_What is required_: Each image should be skipped while the records are restated word for word.

[Data entries]

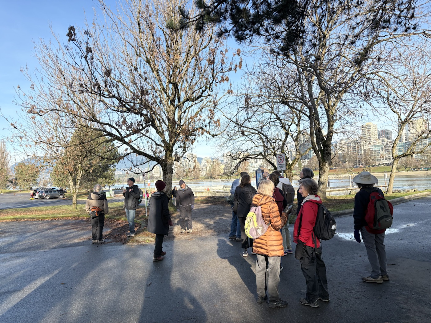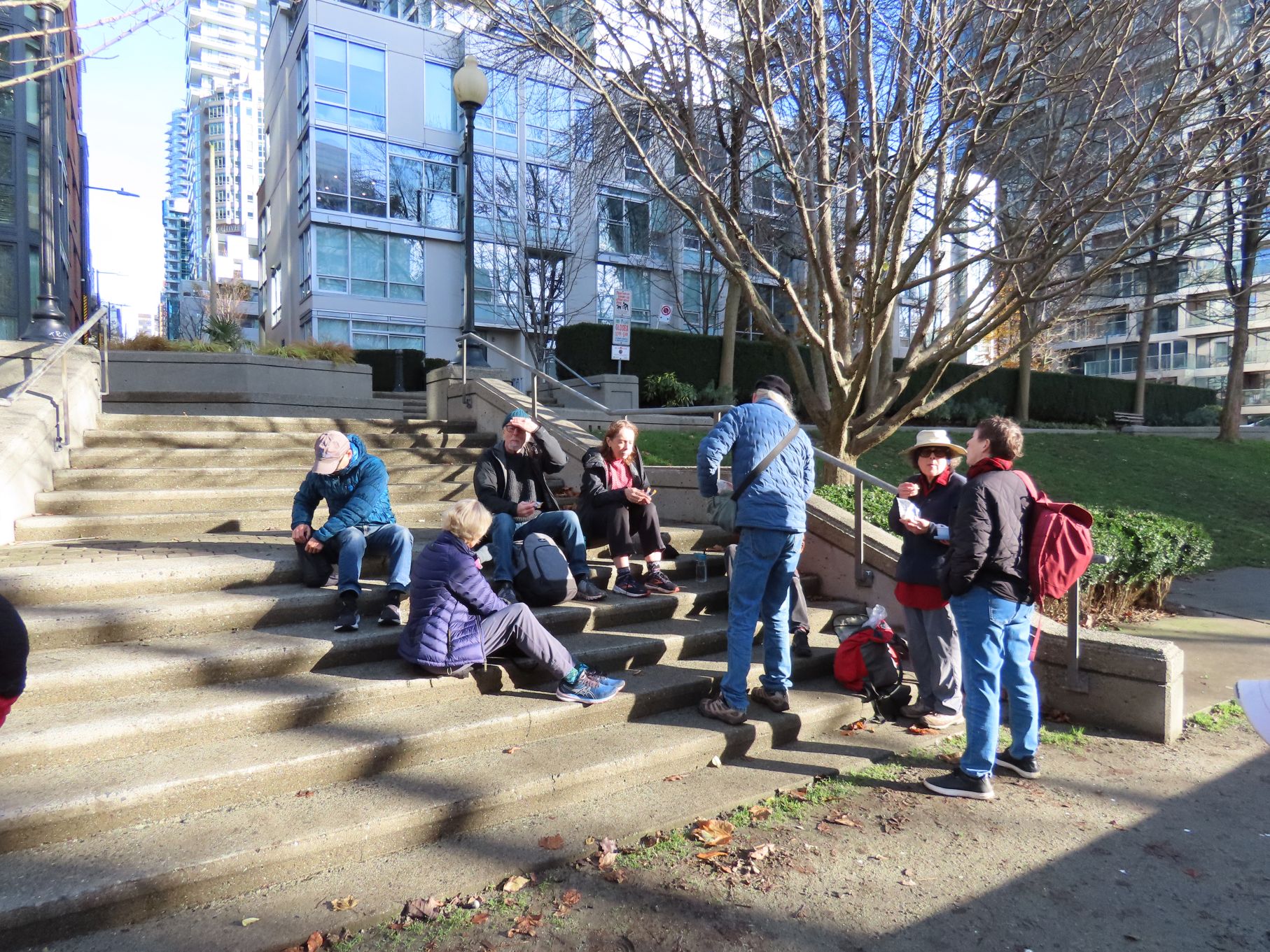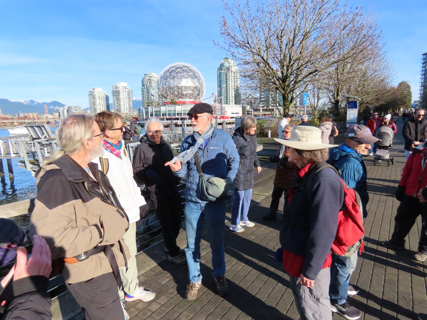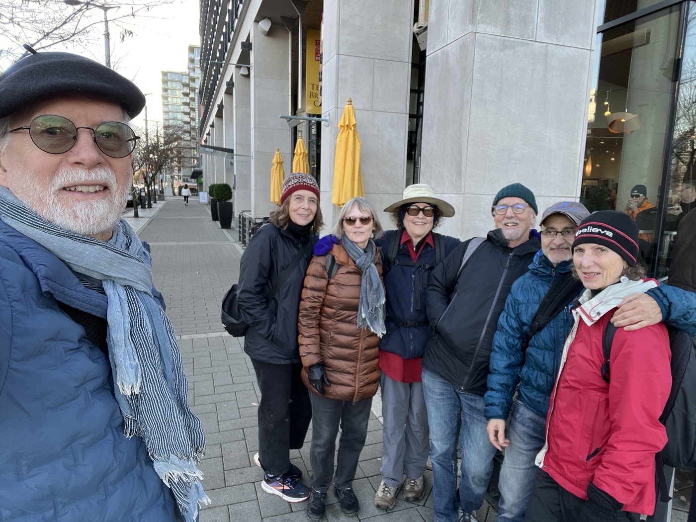 It was a perfect day for our final walk of 2024, and sixteen Loopers gathered just outside the Olympic Village Skytrain station at Cambie and West 2nd Ave at 10:30 am. Dave was the leader of this month’s walk, and the route he’d selected took us clockwise around False Creek.
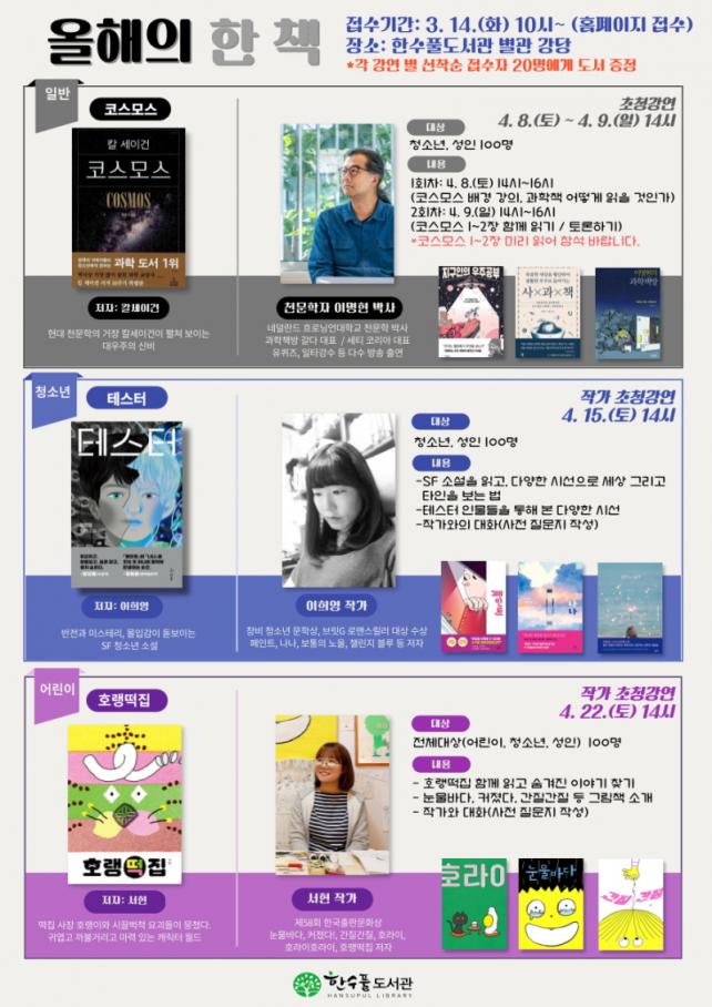 [½Ã»çÁ¾ÇսŹ® = °í¼º¹Î ±âÀÚ] ÇѼöÇ®µµ¼­°üÀº Áö¿ªÁÖ¹ÎÀÇ µ¶¼­ »ýȰȭ¿Í Ã¥ Àд ¹®È­ Á¶¼ºÀ» À§ÇÏ¿©¡®2023³â ¿ÃÇØÀÇ ÇÑ Ã¥ – ÀÛ°¡ ÃÊû °­¿¬¡¯Âü°¡ÀÚ¸¦ ¸ðÁýÇÑ´Ù. ¡®2023³â ¿ÃÇØÀÇ ÇÑ Ã¥¡¯Àº µµ¼­°ü¿¡¼­ ÇÑ ÇØ µ¿¾È Áö¿ªÁֹεé°ú ÇÔ²² ÀÐÀ» Ã¥À» ¼±Á¤ÇÏ¿© µµ¼­ Àü½Ã ¹× ÀÛ°¡ ÃÊû °­¿¬À» ÁøÇàÇÏ´Â µ¶¼­¹®È­ÇÁ·Î±×·¥À¸·Î, ¼±Á¤µÈ Ã¥Àº ¡ãÀÏ¹Ý ºÎ¹®, ¡¸ÄÚ½º¸ð½º¡¹(Ä® ¼¼À̰Ç), ¡ãû¼Ò³â ºÎ¹® ¡¸Å×½ºÅÍ¡¹(ÀÌÈñ¿µ), ¡ã¾î¸°ÀÌ ºÎ¹® ¡¸È£·©¶±Áý¡¹(¼­Çö)ÀÌ´Ù. ÃÊû °­¿¬Àº 4¿ù 8ÀϺÎÅÍ 4¿ù 22ÀϱîÁö 4ȸÂ÷·Î ¿î¿µµÇ¸ç, ÀÏÁ¤ ¹× °­¿¬ ³»¿ëÀº ´ÙÀ½°ú °°´Ù. - 4¿ù 8ÀÏ~9ÀÏ, À̸íÇö õ¹®ÇÐ ¹Ú»ç,¡®ÄÚ½º¸ð½º¿Í Ä®¼¼À̰ǡ¯ - 4¿ù 15ÀÏ, ÀÌÈñ¿µ ÀÛ°¡, ¡®SF ¼Ò¼³À» ÀÐ°í ¼¼»ó ¹Ù¶óº¸±â¡¯ - 4¿ù 22ÀÏ, ¼­Çö ÀÛ°¡, ¡®È£·©¶±Áý ±íÀÌ Àб⡯ Âü°¡ÀÚ ¸ðÁýÀº ȸÂ÷º° 100¸í¾¿ ¾î¸°ÀÌ, û¼Ò³â, ¼ºÀÎ ´ë»óÀ¸·Î 3¿ù 14ÀÏ(È­) 10½ÃºÎÅÍ Á¦ÁÖÆ¯º°ÀÚÄ¡µµ±³À°Ã» °ø°øµµ¼­°ü ȨÆäÀÌÁö(org.jje.go.kr/lib)¸¦ ÅëÇØ ½Åû¹Þ´Â´Ù.
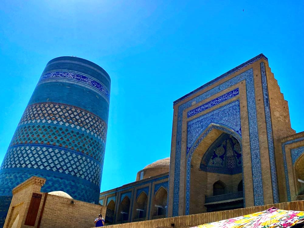 Batı Kapısından girdikten hemen sonra, Orta Asya’nın en büyük medreselerinden biri olan Muhammed Âmin Han Medresesi bizi karşılıyor. 1850-1854 yılları arasında Muhammed Âmin Han tarafından yaptırılan medrese en çok yarım kalan minaresi ile ilgi çekiyor ve anılıyor. Buhara ziyaretinde çok beğendiği bir minareye özenip ondan daha yükseğini inşa ettirmek isteyen Han, medrese inşaatı başladıktan bir süre sonra savaşa katılmış ve hayatını kaybetmiş. Bu nedenle medresenin minaresi yarım kalmış; 80 metre olması planlanan minare 26 metre yüksekliğe sahip. Üzerindeki çini işlemeler oldukça göz alıcı. Günümüzde şehrin simgelerinden biri haline gelen ve yarım kalan minare ile ilgili, çeşitli hikâyeler anlatılmaya devam ediliyor.
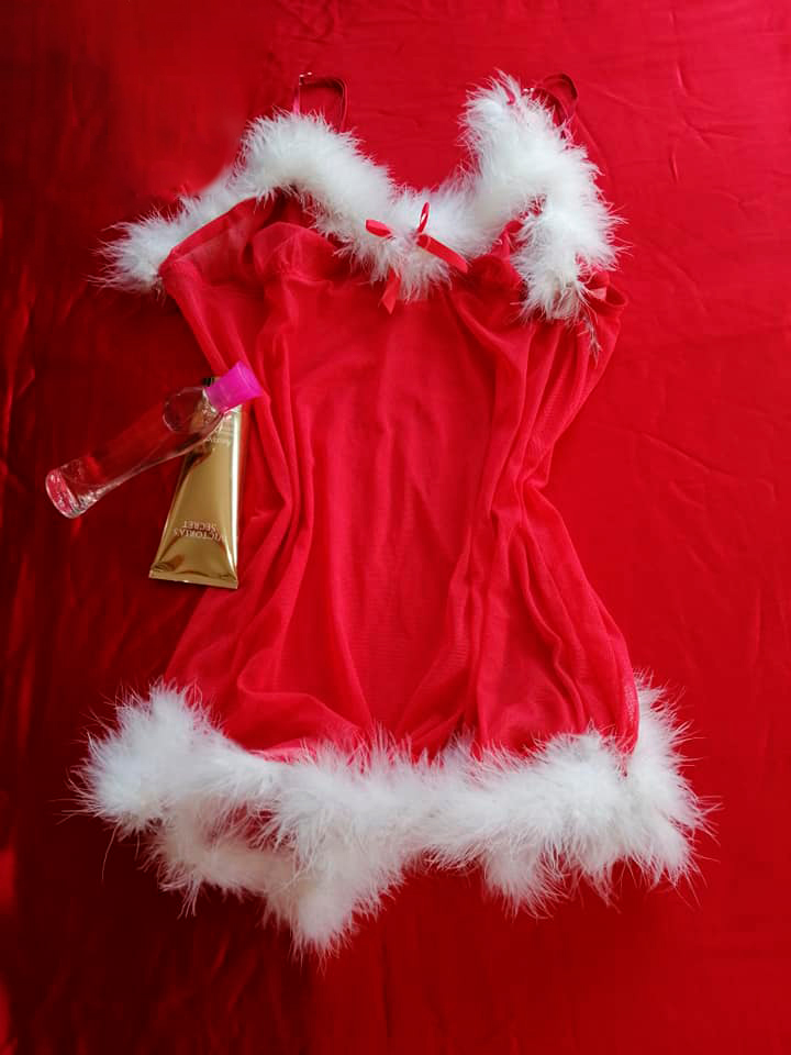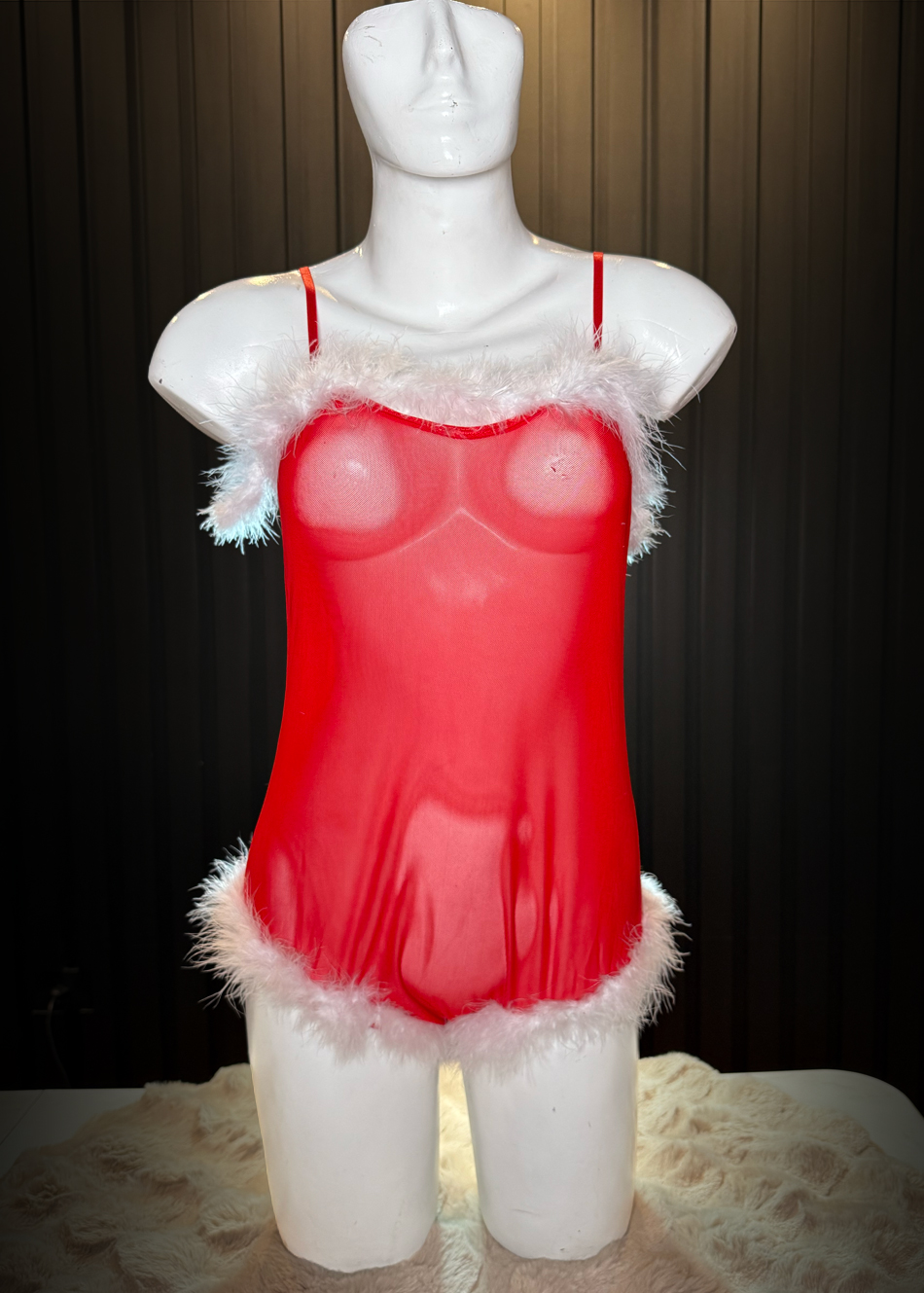 Dulce, atrevido y perfecto para la temporada. Este babydoll rojo con delicados detalles de plumas blancas evoca el encanto navideño con un toque sensual y divertido.
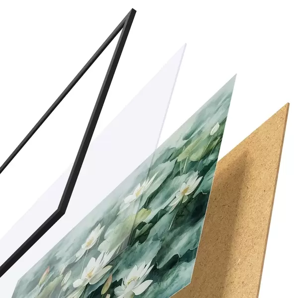 Plakát se skládá z rámu, plexiskla, tištěného obrazu a dřevotřískového podkladu. Díky úchytům na zadní straně lze plakát ihned zavěsit na zeď.
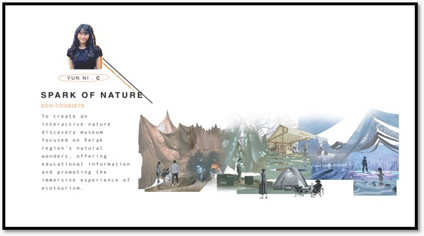 Spark of Nature by Chang Yun Ni: Chang’s project, “Spark of Nature,” is an interactive nature discovery gallery in Ipoh. It encourages outdoor activities, enhances visitors’ journeys through immersive spaces, and utilises technology to engage with its audience.
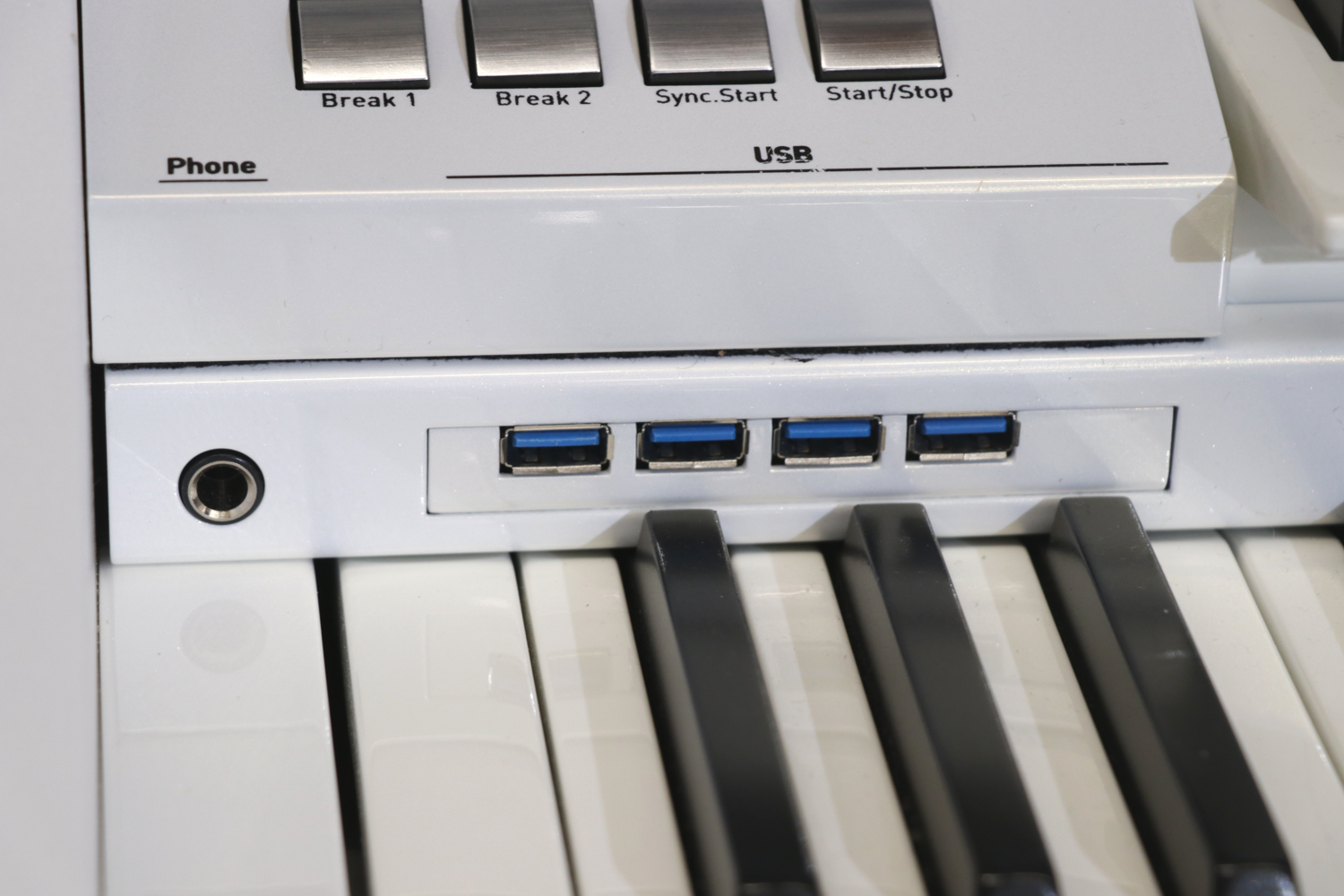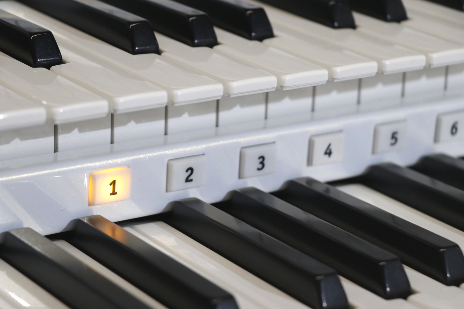 Solo- und Obermanual mit 61 Tasten, Untermanual mit jeweils 76 Tasten, leicht gewichtet m. Anschlagsdynamik
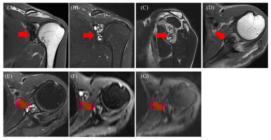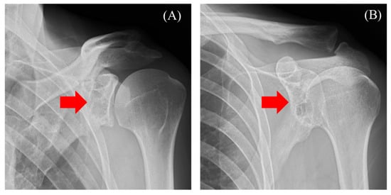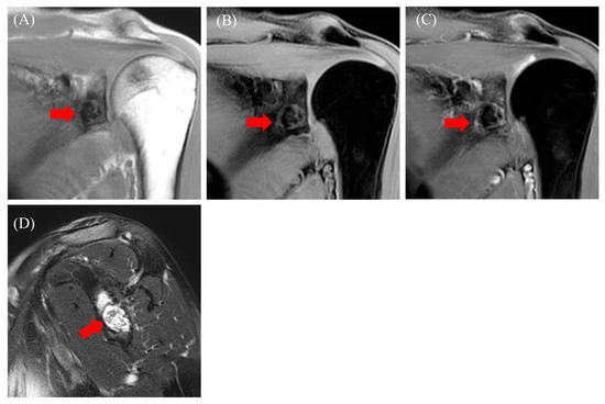 The patient was a 47-year-old man who presented with shoulder pain radiating from the left side of the neck to the shoulder, which began two months ago. He had previously consulted a nearby clinic one month prior. The primary pain site was the trapezius muscle, and no tenderness was noted in the shoulder joint. The range of motion of the shoulder joint was intact. Additionally, although the patient experienced numbness in the left palm, there was no sensory dullness, impairment in hand movement, dexterity, or muscle weakness. No history of past illnesses or trauma was recorded. Radiography showed a radiolucent area with a sclerotic margin in the left scapular glenoid, but no narrowing of the joint space or abnormalities in the humeral head were observed (Figure 1A,B, red arrow). Suspecting a benign bone tumor of the scapula, an MRI was performed.

_Answer section_:
 It was a perfect day for our final walk of 2024, and sixteen Loopers gathered just outside the Olympic Village Skytrain station at Cambie and West 2nd Ave at 10:30 am. Dave was the leader of this month’s walk, and the route he’d selected took us clockwise around False Creek.
 [½Ã»çÁ¾ÇսŹ® = °í¼º¹Î ±âÀÚ] ÇѼöÇ®µµ¼­°üÀº Áö¿ªÁÖ¹ÎÀÇ µ¶¼­ »ýȰȭ¿Í Ã¥ Àд ¹®È­ Á¶¼ºÀ» À§ÇÏ¿©¡®2023³â ¿ÃÇØÀÇ ÇÑ Ã¥ – ÀÛ°¡ ÃÊû °­¿¬¡¯Âü°¡ÀÚ¸¦ ¸ðÁýÇÑ´Ù. ¡®2023³â ¿ÃÇØÀÇ ÇÑ Ã¥¡¯Àº µµ¼­°ü¿¡¼­ ÇÑ ÇØ µ¿¾È Áö¿ªÁֹεé°ú ÇÔ²² ÀÐÀ» Ã¥À» ¼±Á¤ÇÏ¿© µµ¼­ Àü½Ã ¹× ÀÛ°¡ ÃÊû °­¿¬À» ÁøÇàÇÏ´Â µ¶¼­¹®È­ÇÁ·Î±×·¥À¸·Î, ¼±Á¤µÈ Ã¥Àº ¡ãÀÏ¹Ý ºÎ¹®, ¡¸ÄÚ½º¸ð½º¡¹(Ä® ¼¼À̰Ç), ¡ãû¼Ò³â ºÎ¹® ¡¸Å×½ºÅÍ¡¹(ÀÌÈñ¿µ), ¡ã¾î¸°ÀÌ ºÎ¹® ¡¸È£·©¶±Áý¡¹(¼­Çö)ÀÌ´Ù. ÃÊû °­¿¬Àº 4¿ù 8ÀϺÎÅÍ 4¿ù 22ÀϱîÁö 4ȸÂ÷·Î ¿î¿µµÇ¸ç, ÀÏÁ¤ ¹× °­¿¬ ³»¿ëÀº ´ÙÀ½°ú °°´Ù. - 4¿ù 8ÀÏ~9ÀÏ, À̸íÇö õ¹®ÇÐ ¹Ú»ç,¡®ÄÚ½º¸ð½º¿Í Ä®¼¼À̰ǡ¯ - 4¿ù 15ÀÏ, ÀÌÈñ¿µ ÀÛ°¡, ¡®SF ¼Ò¼³À» ÀÐ°í ¼¼»ó ¹Ù¶óº¸±â¡¯ - 4¿ù 22ÀÏ, ¼­Çö ÀÛ°¡, ¡®È£·©¶±Áý ±íÀÌ Àб⡯ Âü°¡ÀÚ ¸ðÁýÀº ȸÂ÷º° 100¸í¾¿ ¾î¸°ÀÌ, û¼Ò³â, ¼ºÀÎ ´ë»óÀ¸·Î 3¿ù 14ÀÏ(È­) 10½ÃºÎÅÍ Á¦ÁÖÆ¯º°ÀÚÄ¡µµ±³À°Ã» °ø°øµµ¼­°ü ȨÆäÀÌÁö(org.jje.go.kr/lib)¸¦ ÅëÇØ ½Åû¹Þ´Â´Ù.
 Batı Kapısından girdikten hemen sonra, Orta Asya’nın en büyük medreselerinden biri olan Muhammed Âmin Han Medresesi bizi karşılıyor. 1850-1854 yılları arasında Muhammed Âmin Han tarafından yaptırılan medrese en çok yarım kalan minaresi ile ilgi çekiyor ve anılıyor. Buhara ziyaretinde çok beğendiği bir minareye özenip ondan daha yükseğini inşa ettirmek isteyen Han, medrese inşaatı başladıktan bir süre sonra savaşa katılmış ve hayatını kaybetmiş. Bu nedenle medresenin minaresi yarım kalmış; 80 metre olması planlanan minare 26 metre yüksekliğe sahip. Üzerindeki çini işlemeler oldukça göz alıcı. Günümüzde şehrin simgelerinden biri haline gelen ve yarım kalan minare ile ilgili, çeşitli hikâyeler anlatılmaya devam ediliyor.
 Dulce, atrevido y perfecto para la temporada. Este babydoll rojo con delicados detalles de plumas blancas evoca el encanto navideño con un toque sensual y divertido.
 Plakát se skládá z rámu, plexiskla, tištěného obrazu a dřevotřískového podkladu. Díky úchytům na zadní straně lze plakát ihned zavěsit na zeď.
 Spark of Nature by Chang Yun Ni: Chang’s project, “Spark of Nature,” is an interactive nature discovery gallery in Ipoh. It encourages outdoor activities, enhances visitors’ journeys through immersive spaces, and utilises technology to engage with its audience.
 Solo- und Obermanual mit 61 Tasten, Untermanual mit jeweils 76 Tasten, leicht gewichtet m. Anschlagsdynamik
 The patient was a 47-year-old man who presented with shoulder pain radiating from the left side of the neck to the shoulder, which began two months ago. He had previously consulted a nearby clinic one month prior. The primary pain site was the trapezius muscle, and no tenderness was noted in the shoulder joint. The range of motion of the shoulder joint was intact. Additionally, although the patient experienced numbness in the left palm, there was no sensory dullness, impairment in hand movement, dexterity, or muscle weakness. No history of past illnesses or trauma was recorded. Radiography showed a radiolucent area with a sclerotic margin in the left scapular glenoid, but no narrowing of the joint space or abnormalities in the humeral head were observed (Figure 1A,B, red arrow). Suspecting a benign bone tumor of the scapula, an MRI was performed.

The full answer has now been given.